Travel Writing

It was only towards the end of June that I wrote about Frank Gardner’s memoir, Blood & Sand. I may have omitted to mention that I was given three of Frank Gardner’s books for my birthday this year.

I’m glad because he wasn’t an author on my wish list but now I’m enjoying his next, Far Horizons; I can recommend it. It is not in the absolute top drawer of travel writing, a topic visited here pretty exhaustively by me and readers some years ago, but it is definitely better than Gerald Durrell. My guess is that he kept a diary and, on some trips, was paid to write articles for travel supplements. That’s given him the ammo to make a thoroughly enjoyable book. I have succumbed to his easy self-deprecating wit and charm.

But we have already disasterously digressed. I have found my notes from a short holiday in September 2002 and I want you to read them, edited but not improved except for grammar and spelling. They are perhaps more interesting because of my poor writing style than their content – although I was a grown-up (48).

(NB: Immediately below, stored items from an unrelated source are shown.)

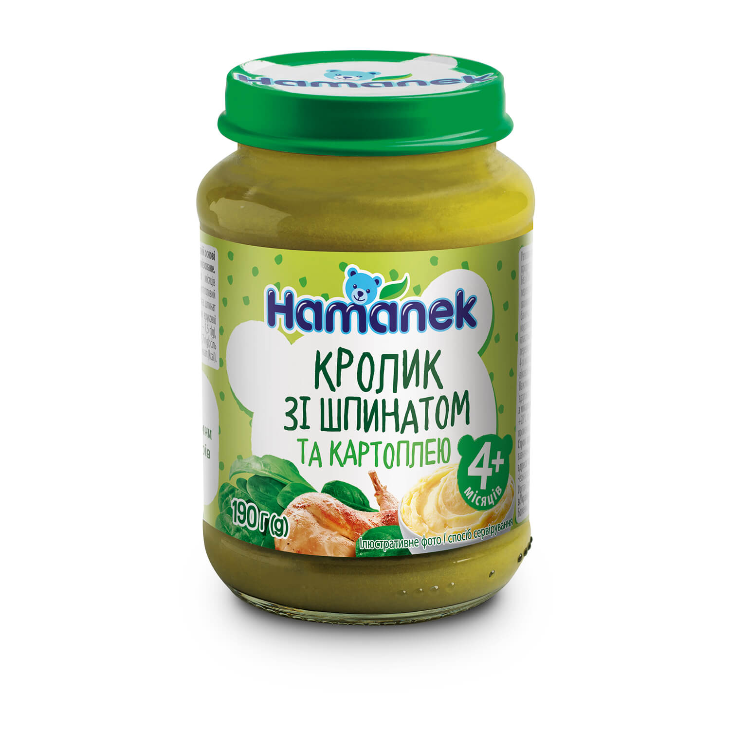 Склад: вода питна, картопляне пюре (39 %) (вода питна, картопляні пластівці), шпинат (20%), м'ясо кролика (10 %), картопляний крохмаль, олія рослинна рапсова.
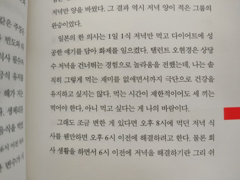 결론은 마지막 식사는 되도록 빨리 먹으라는 것이다. 6시에 밥 한 공기가 8시에 먹는 밥 반 공기보다 낫다. 퇴근하고 집에 와서 밥을 먹으면 보통 8시가 넘어가기 십상이다. 결국 회사에서 먹어야 6시 전에 먹을 수 있겠다. 저녁을 안 먹으면 되겠지만 나 또한 하루 세 끼는 꼭 먹어야 하기 때문에 일찍 먹으려는 노력을 할 테다.
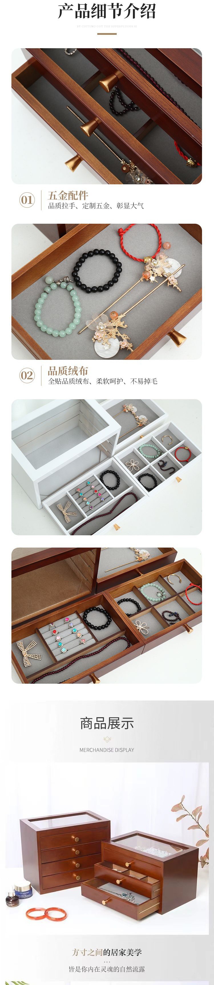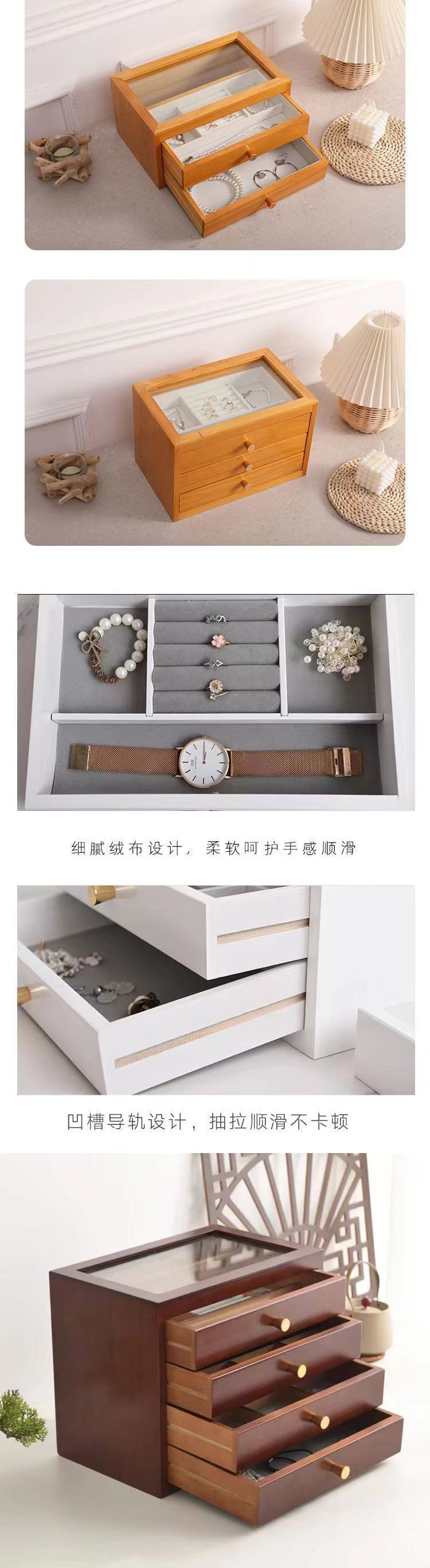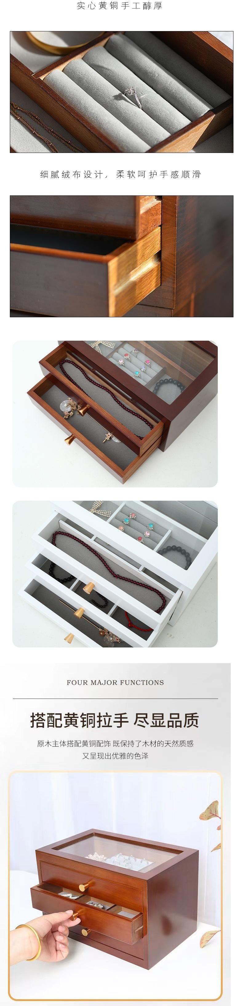 实木高档精致首饰盒大容量多层耳环戒指珠宝项链饰品收纳整理盒
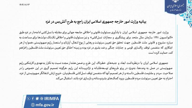 بیانیه وزارت امور خارجه جمهوری اسلامی ایران راجع به طرح آتش‌بس در غزه
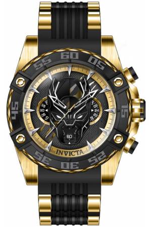 Band For Invicta Marvel 41230, Band Material Silicone, Stainless Steel, Band Color Black, Gold, Band Width 26 mm, Band Length 210 mm, Buckle Type Buckle, Clasp Type
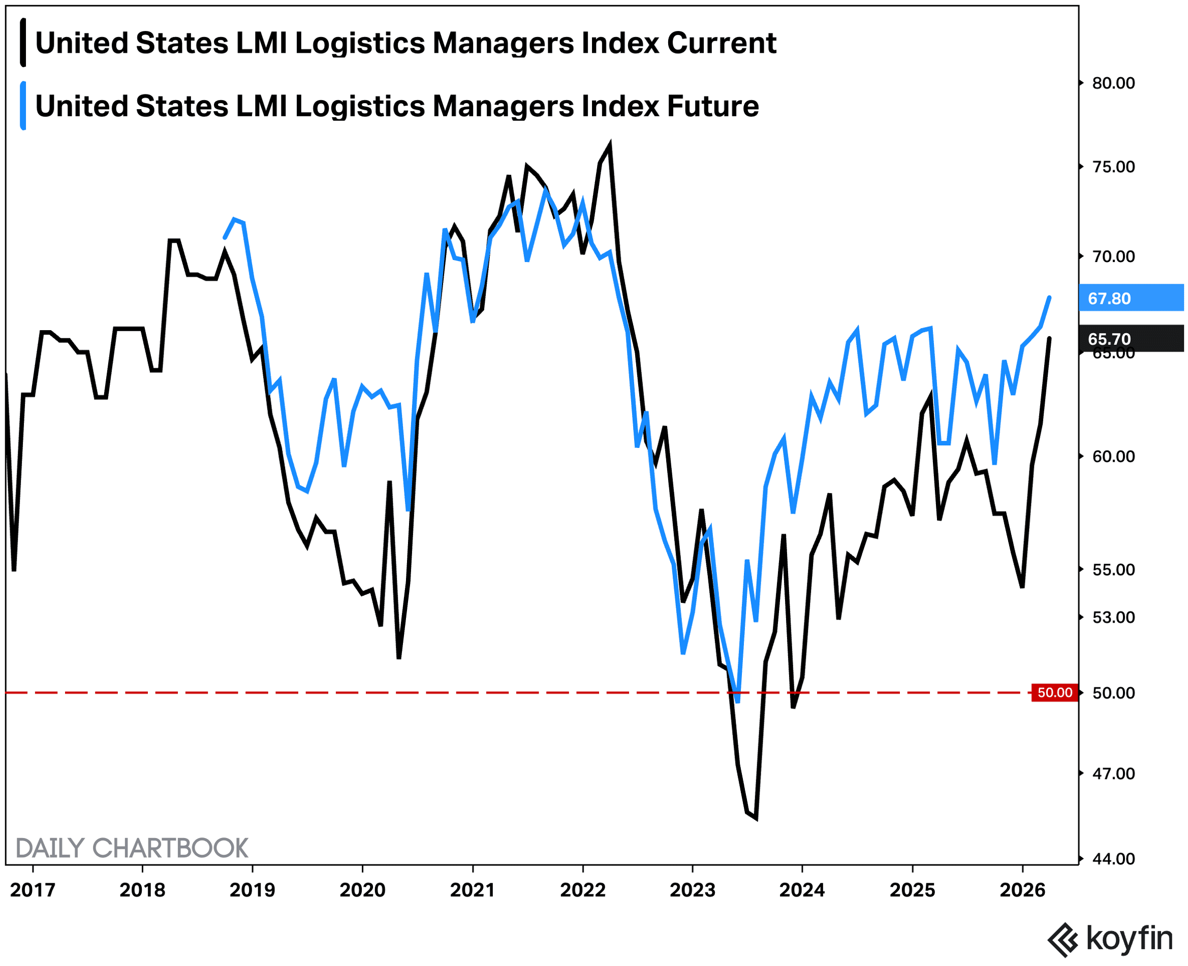 The rising demand for blue collar stuff flowed through to the freight market, as well (via Freight Alley):
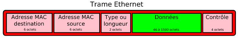 Norme IEEE 802.3 - Protocole de réseau local. Chaque appareil relié au réseau possède par construction une adresse MAC qui est unique au niveau mondial. Les données sont placées dans des trames de longueur variable qui circulent dans des supports physiques variés : câble coaxial (obsolète), câble à paires torsadées ( Le catégorie 5 avec ses fiches RJ45 connu de tous), ondes radio (WIFI), courants porteurs (CPL), fibre optique, etc ... Ethernet se situe aux niveaux 1 & 2. Une trame ethernet a une longueur maximale de 1518 octets et transporte 1500 octets de données. Des champs LLC ( 3 octets ) et SNAP ( 5 octets ) peuvent être ajoutés dans l'en-tête réduisant d'autant la taille du champ des données.
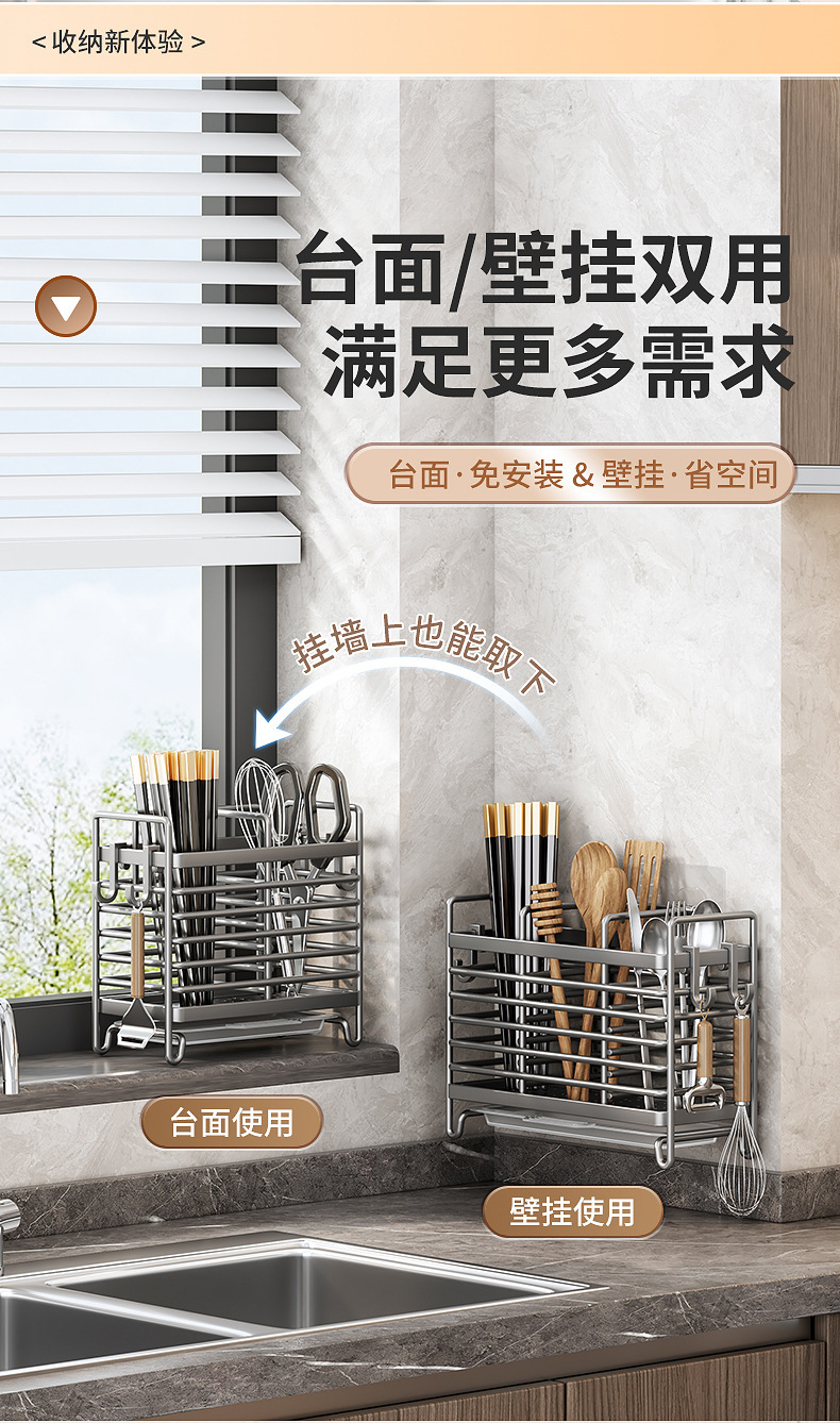 젓가락 보관 상자 주방 젓가락 홀더 벽걸이 형 젓가락 바구니 가정용 숟가락 젓가락 케이지 배수 보관 랙
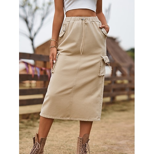 Per donna Gonna Linea A Aderente Moda Casual Midi Vita Alta Gonne Semplice Coulisse Tasca Micro-elastico Streetwear Quotidiano Nero Verde Cachi Grigio Estate Denim
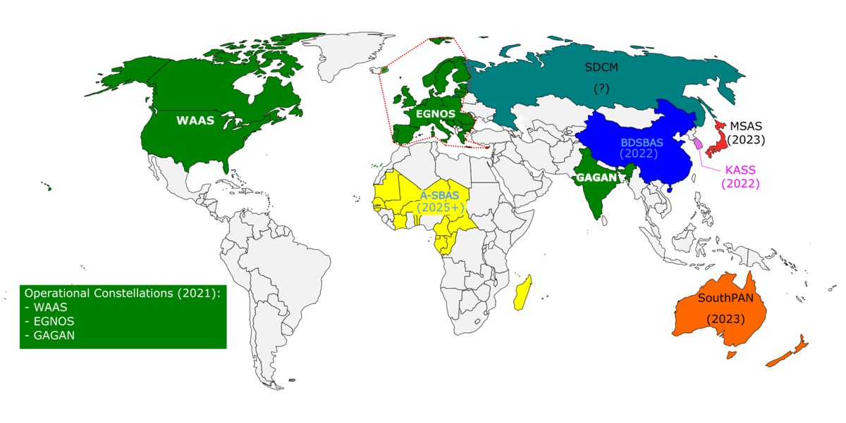 For US airspace the SBAS augmentation is provided by “Wide-Area Augmentation System” (WAAS) & in India “GPS Aided GEO Augmented Navigation” (GAGAN). Other SBAS satellites are being deployed in Japan, Australia/New Zealand and China, and being developed for South Korea and Africa
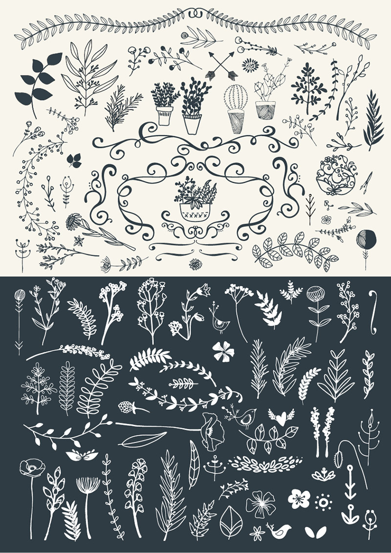 Easy-to-use hand drawn floral vector kit! I aimed to produce an ultimate set that will give you everything you need to create lovely designs using flowers, leaves, wreaths, borders and more! All 150 elements come in both white and black versions giving you a total of 300 items – just click on the preview slides to see the full pack. 110 floral original hand-drawn elements, 20 unique wreaths and 20 unique borders – drag into your brushes panel to create custom brushes. It’s super-easy to change the colors in Illustrator and match the color palette of your designs. The wreaths work well alone, or stack them to create a beautiful layered effect. Wedding stationery design will be a breeze with this set! And creating logos with leaves and flowers will be a effortless 🙂 ADOBE ILLUSTRATOR CS OR NEWER REQUIRED!
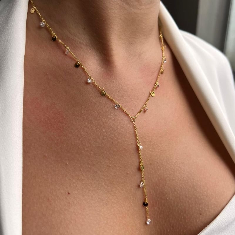 Colar Gravata c/ Ponto de luz Banho Ouro 18k/Prata 925
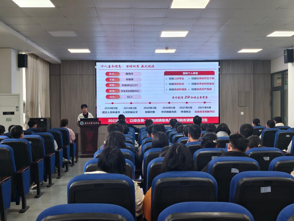 (通讯员 郑怡乐/文 郝梨/摄)党建领航研途路,先锋传薪启新程。为深入学习贯彻党的二十大精神,夯实研究生党支部战斗堡垒作用,11月12日中午,pp电子游戏官网举行“一院一品”研究生党员学术经验分享活动。特邀学院3名研究生国家奖学金获得者:唐海洋、文泳、赵希梅作为主讲人为全体研究生党员和入党积极分子分享学术经验。
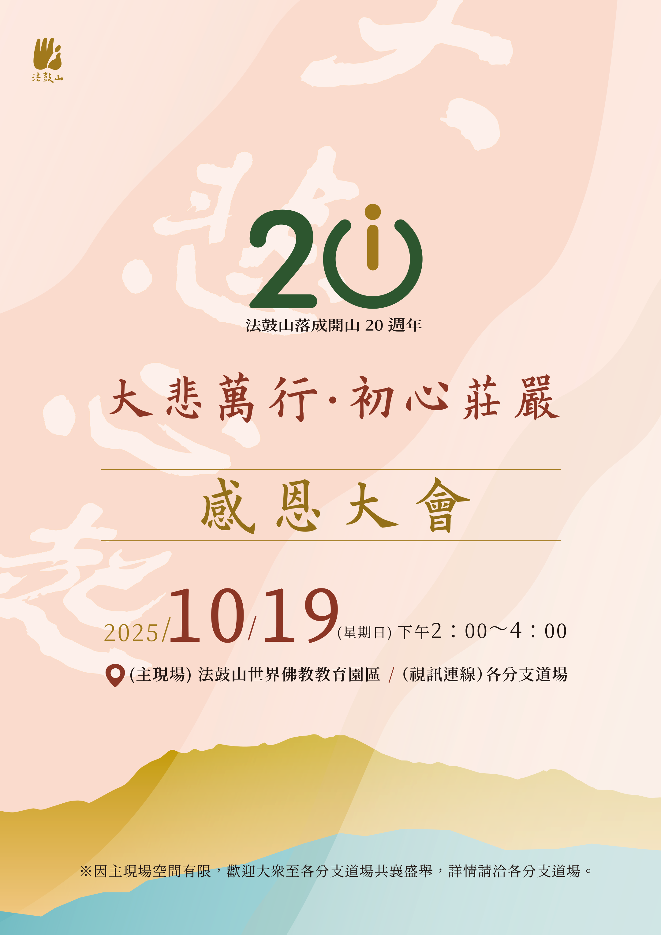 歡迎「回家」尋根,接續開山願力。法鼓山近日向全球信眾遞送「大悲萬行‧初心莊嚴─感恩大會」的邀請,邀請大眾共同參與、響應法鼓山世界佛教教育園區落成開山20週年的相關活動;感恩大會訂於2025年10月19日下午2點至4點,由於會場空間有限,歡迎各地信眾就近前往法鼓山各分支道場同步連線,共襄盛舉。
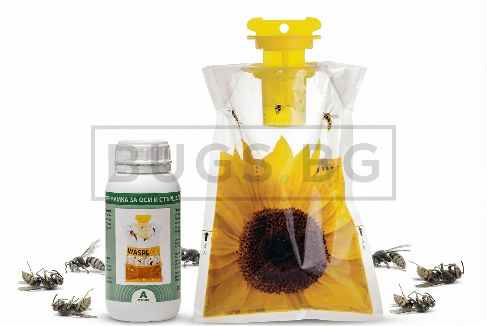 Атрактантът привлича осите и стършелите в капана, а конструкцията ги задържа вътре, като така намалява броя им около хората и рисковете от ужилване.
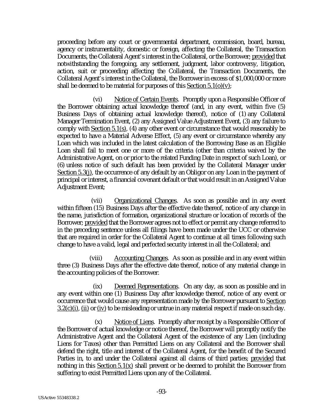 proceeding before any court or governmental department, commission, board, bureau, agency or instrumentality, domestic or foreign, affecting the Collateral, the Transaction Documents, the Collateral Agent’s interest in the Collateral, or the Borrower; provided that notwithstanding the foregoing, any settlement, judgment, labor controversy, litigation, action, suit or proceeding affecting the Collateral, the Transaction Documents, the Collateral Agent’s interest in the Collateral, the Borrower in excess of $1,000,000 or more shall be deemed to be material for purposes of this Section 5.1(o)(v); (vi) Notice of Certain Events. Promptly upon a Responsible Officer of the Borrower obtaining actual knowledge thereof (and, in any event, within five (5) Business Days of obtaining actual knowledge thereof), notice of (1) any Collateral Manager Termination Event, (2) any Assigned Value Adjustment Event, (3) any failure to comply with Section 5.1(s), (4) any other event or circumstance that would reasonably be expected to have a Material Adverse Effect, (5) any event or circumstance whereby any Loan which was included in the latest calculation of the Borrowing Base as an Eligible Loan shall fail to meet one or more of the criteria (other than criteria waived by the Administrative Agent, on or prior to the related Funding Date in respect of such Loan), or (6) unless notice of such default has been provided by the Collateral Manager under Section 5.3(j), the occurrence of any default by an Obligor on any Loan in the payment of principal or interest, a financial covenant default or that would result in an Assigned Value Adjustment Event; (vii) Organizational Changes. As soon as possible and in any event within fifteen (15) Business Days after the effective date thereof, notice of any change in the name, jurisdiction of formation, organizational structure or location of records of the Borrower; provided that the Borrower agrees not to effect or permit any change referred to in the preceding sentence unless all filings have been made under the UCC or otherwise that are required in order for the Collateral Agent to continue at all times following such change to have a valid, legal and perfected security interest in all the Collateral; and (viii) Accounting Changes. As soon as possible and in any event within three (3) Business Days after the effective date thereof, notice of any material change in the accounting policies of the Borrower. (ix) Deemed Representations. On any day, as soon as possible and in any event within one (1) Business Day after knowledge thereof, notice of any event or occurrence that would cause any representation made by the Borrower pursuant to Section 3.2(c)(i), (ii) or (iv) to be misleading or untrue in any material respect if made on such day. (x) Notice of Liens. Promptly after receipt by a Responsible Officer of the Borrower of actual knowledge or notice thereof, the Borrower will promptly notify the Administrative Agent and the Collateral Agent of the existence of any Lien (including Liens for Taxes) other than Permitted Liens on any Collateral and the Borrower shall defend the right, title and interest of the Collateral Agent, for the benefit of the Secured Parties in, to and under the Collateral against all claims of third parties; provided that nothing in this Section 5.1(x) shall prevent or be deemed to prohibit the Borrower from suffering to exist Permitted Liens upon any of the Collateral. -93- USActive 55348338.2

Meanwhile, I was at the Summer Exhibition yesterday where visitors can take photographs of every exhibit except two by David Hockney. (Could probably go back to snatch a “grab-shot” if you are desperate.) Today back to Masterpiece to show Robert round. One of the exhibits is a waterfall. I have been told it’s an illusion and is really a wall of gas and I can walk through it – so I’ll be the idiot standing in a puddle of water in a wet linen suit.

Marina Abramovic, Five Stages of Maya Dance, 1- 5 for Masterpiece Presents 2018.